Design process and methodology is not as well-explored as anyone would like. The diligent designer tries to maintain a record of this process, and the intermediate steps that lead to a finished work, but such information is often lost in the growing need to organise and minimise in a busy life. The design student wishes more designers would share, so that they might gain an insight into the magic trick that is design. That ideal of clients who understands design, would like to see the method to a designer’s madness so as to evaluate their true competence and their thought process, which might or might not make them the perfect creative fit for a project.
These are vital reasons for the design process to be more commonly shared, and yet it happens rarely. Often it is because of one of these reasons:
Fear
Many practitioners of any craft are insecure about their abilities and their ownership of ideas. There is also the related fear of losing valuable ideas to unscrupulous peers. Both these fears keep revelations of the design process away from the public eye. In some cases, these are valid concerns, if naive ones.
Snobbery
Crafts inherently encourage some snobbery among their practitioners. There is the need to maintain a mystery about the mechanics of the thing, and also about the people involved. The need to seem more sure and decisive than anyone can truly be also exists, and so process and elimination is hidden, with only hints and flourishes added as background décor and mood imagery in books and other material on design.
Time
The most common reason for a lack of material about the design process is simply the lack of time. Busy designers have less time to get busy collecting, collating and presenting their sketches, their notes and their thought process on a project. Once it’s done, it’s often a rush to move on to the next thing, and then the next without looking back. This explains why so many design portfolios remain untouched and ignored for so long between updates.

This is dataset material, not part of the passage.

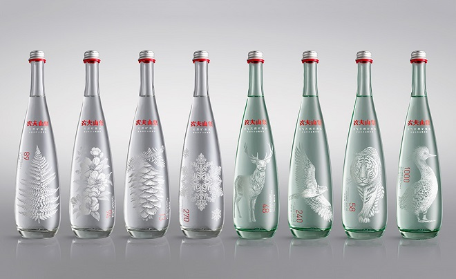 比如橫掃2015年眾多獎項、斬獲包裝設計類最高獎——FAB最佳作品獎的高端水系列瓶裝設計。瓶身的設計充滿傳統中國藝術色彩,選取了長白山的典型天氣和植物以及長白山四種典型的動物,體現了其水源地的自然生態。

In spite of these challenges, the serious designer must pay attention to this recording and sharing of the design process, for the sake of their peers, for their ideally discerning clients, and for themselves. Some perils of being an active and multi-disciplinary designer are those of limited bandwidth and limited memory. No matter how interested and deeply involved you are in your work, time and new projects make it essential to forget. You forget all the nuances of thought and decision that you took to come to your final results, and often these subtleties are priceless gold not just for the observer, but also for you, for your own similar design decisions in the future.
So process is important, and recording it for future reference is essential at whatever level you are comfortable with. Your candour in sharing these things will only prove your competence and confidence in the field, and you will teach things, and learn things, and be a better designer for it. This blog is an ode to the design process. Everything comes from somewhere, and there are often interesting paths taken before the designed ends are reached. Welcome to Origin of Life.